Quoting Matthew S. [email protected]:
You don’t provide anything to back up this assertion. What makes
this implementation unbiased? What makes the other implementation
biased? What’s the crucial difference between the two?
I’m sorry; I thought it would be obvious to anyone who had read the
Haskell
text. In any case, the problem is the likelihood of collisions. When
you use
just {rand}, the chance of collisions is very low, on the order of 2**(-
how
many bits are in the random number implementation). When you use
{rand(a.size)} the chance of collision is comparatively high.
When keys collide, then the search order you get depends on the
implementation
of the sorting algorithm; note that it doesn’t matter whether or not the
sort
is a stable sort - you get whatever order the sort function ends up with
when
given identical keys. (note that it appears that ruby’s sort_by is
stable, but
that’s irrelevant; you could replace “sort_by” with “reverse.sort_by”
and you’d
still get bias, just bias in a different way)

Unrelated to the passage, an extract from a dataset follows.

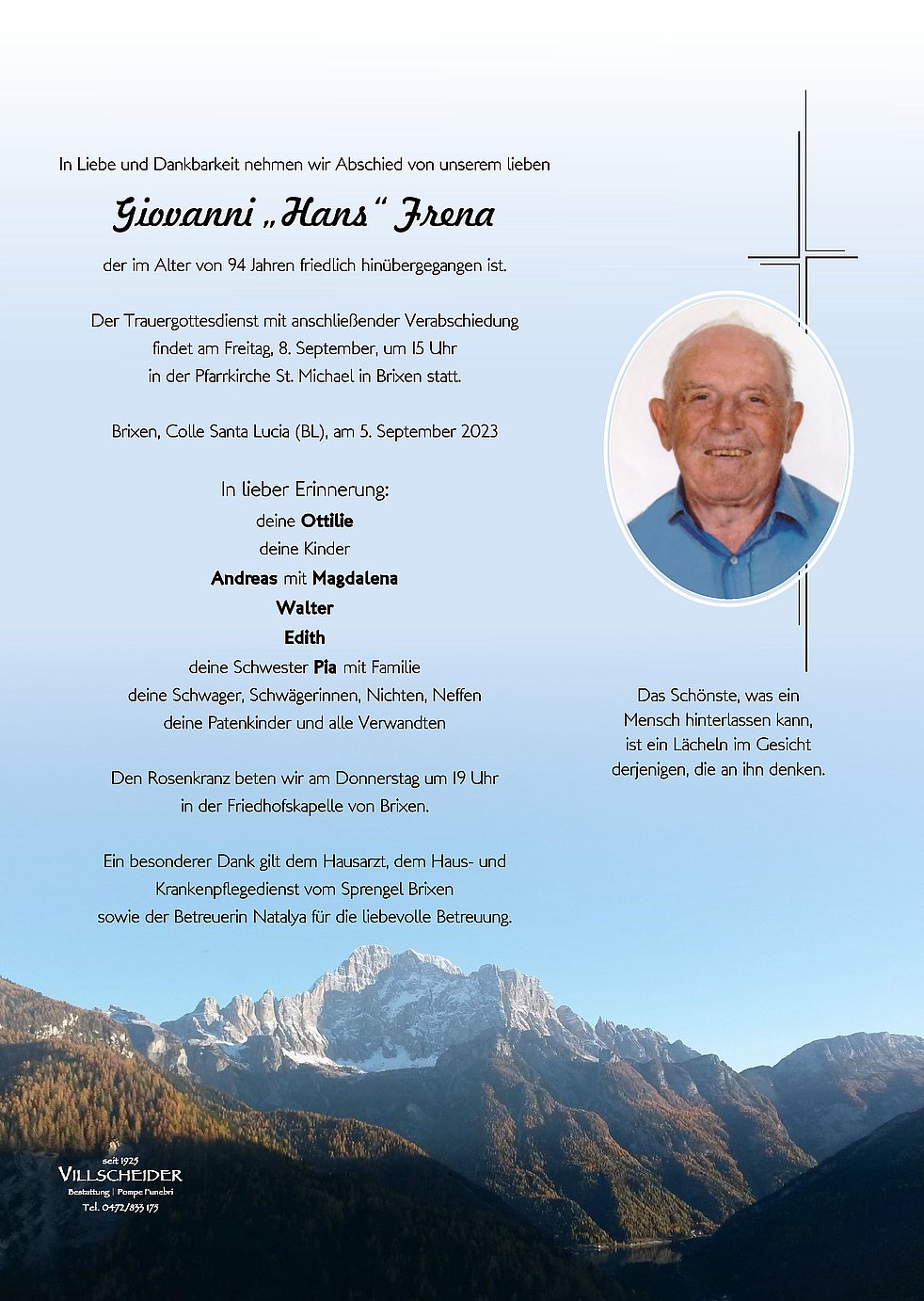 Begräbnisgottesdienst: 08.09. - 15:00 Uhr Brixen

When keys don’t collide, the sorting algorithm is irrelevant. (well, so
long as
the algorithm works at all) All sorting algorithms will end up putting
the
list in the same order given that collection of keys.
Now, some empirical numbers as evidence. First let’s try the algorithm
I claim
is unbiased. Let’s see what the first number is when shuffling (1…3):
irb(main):024:0> a = Hash.new(0); 99999.times {
a[(1…3).sort_by{rand}[0]] +=
1}; a
=> {1=>33348, 2=>33393, 3=>33258}
Note that each value has approximately the same likelihood, as we would
expect.
I suppose we could go and do a chi-squared test on the results, but I’m
willing
to just eyeball it and say that that’s a good result. I’ll note that
the
average initial value is 1.99909999099991, which is really close to 2.

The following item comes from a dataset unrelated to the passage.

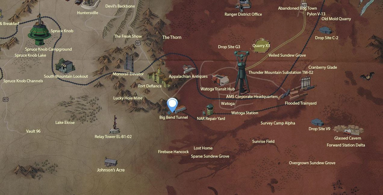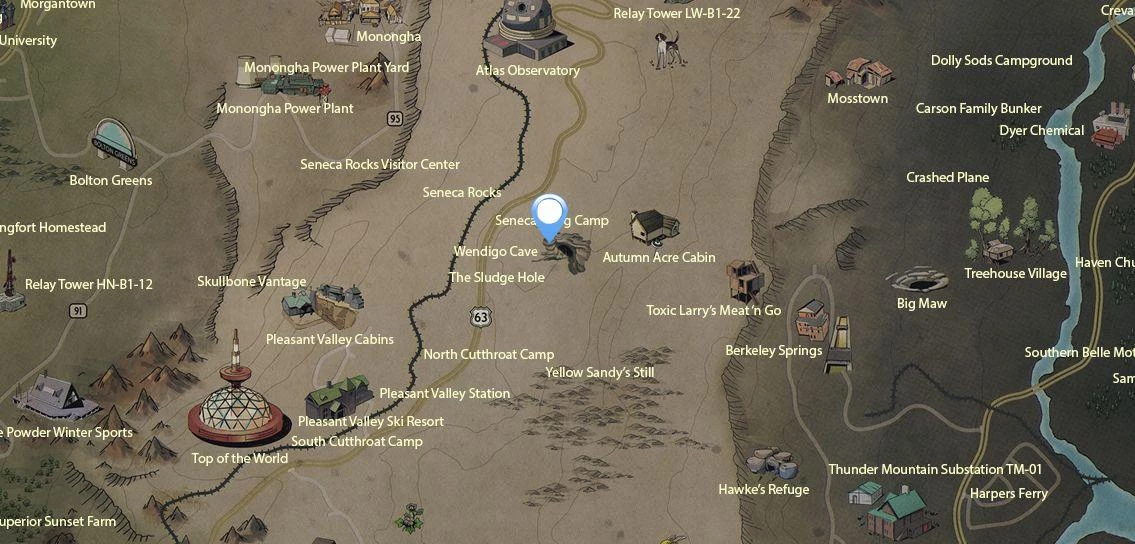 Пещера расположена в северо-восточном углу карты. Это одна из путевых точек для квестовой линии Анклава, и она заполнена монстрами. Есть также скрытый бункер внутри, охраняемый двумя Когтями Смерти 20 уровня.

Now let’s try the algorithm which the Haskell paper was talking about,
and which
I said was biased:
irb(main):028:0> a = Hash.new(0); 99999.times {
a[(1…3).sort_by{rand(3)}[0]] +=
1}; a
=> {1=>52017, 2=>18490, 3=>29492}
Note how comparatively unlikely it is to get a 2 first. The average
initial
value is around 1.77.
Note that this bias lessens as the array (and therefore, the pool of
keys) grows
larger. The Haskell paper, when demonstrating bias, used an array of
size two.
For sorting purposes, though, the particular range of
the keys is irrelevant, all that matters is that the keys are
comparable (you could use strings if you felt like it, too).
Except, as I’ve pointed out, no. It’s all about how likely you are to
get key
collisions. With a limited integer range to choose from, the chance is
comparatively high.
Regarding whether or not bias actually exists, I didn’t say that the
sorting implementation is definitely going to be biased, merely that
implementations which rely on a sort are potentially biased
depending on the underlying sorting algorithm.

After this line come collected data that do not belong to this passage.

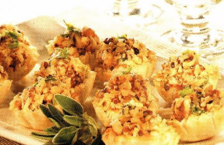Warm, crispy phyllo shells make wonderful containers for a savory filling made up of cheese, Italian sausage and walnuts. These are as perfect for your casual family-night snack as they are “dressed up” for parties.
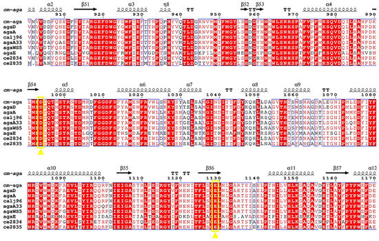 Sequence alignment of sites 900 to 1170 of α-agarase gene Cm-AGA with agaD, agaA, calj96, agaA33, agaWS5, agaE, ce2834, and ce2835. (The secondary structural components of Cm-AGA are marked above the sequence. Conservative residues are represented by red squares with white letters, while similar residues are represented by red letters. The key residues Asp994 and Glu1129 are marked with yellow boxes and triangles.)
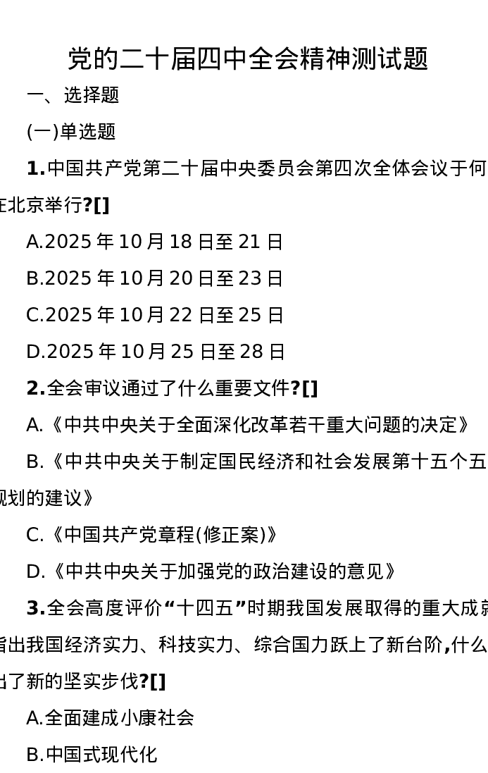 党的二十届四中全会精神测试题

Actually, the sort_by shuffling algorithm with a high chance of key
collision is
biased regardless of the details of the underlying sorting algorithm.
Let’s
take a two element list, as the haskell paper did, and consider two
possible
sorting algorithms for sorting two-element lists:
ALGORITM A: if a[0].key >= a[1].key then a.reverse else a end
ALGORITM B: if a[0].key > a[1].key then a.reverse else a end
In fact, every sorting algorithm is going to be equivalent to one of
these when
applied to a two element list. (because, given equal keys, there are
only two
choices for what to do with the list)
Now, let’s look at what happens when we use %w(x y).sort_by{rand(2)}:
1/4 of the time: The keys chosen are [0,1] - both algorithms produce
%w(x y)
1/4 of the time: The keys chosen are [1,0] - both algorithms produce
%w(y x)
1/2 of the time: The keys chosen are the same.
Algorithm A produces %w(y x)
Algorithm B produces %w(x y)
That is, a system with an algorithm A-type sort will produce %w(y x)
three-fourths of the time. A system with an algorithm B-type sort will
produce
%w(x y) three-fourths of the time. Both systems are biased, and only
algorithm
B-type systems have a stable sort.
Note that if we threw out and re-shuffled all the cases where there’s
any key
collision, we’d have an unbiased shuffle regardless of sorting
algorithms.
We’d also have to reshuffle a two-element list an average of two times
each
time we wanted a proper shuffle, a three-element list 4.5 times on
average, a
four element list 10.67 times, and an n-element list n**n / n! times.
Not
something you want to do.
difference would be if they were in C.
Ew. I meant “efficient”. In any case, it’s nice to see results that
agree with
the theory. I has suspected that the sort_by method might prove faster
because
a large proportion of its computation is done in C (the actual sort) as
compared to the all-ruby F-Y shuffle.
I gotta get a ruby translation of my sig.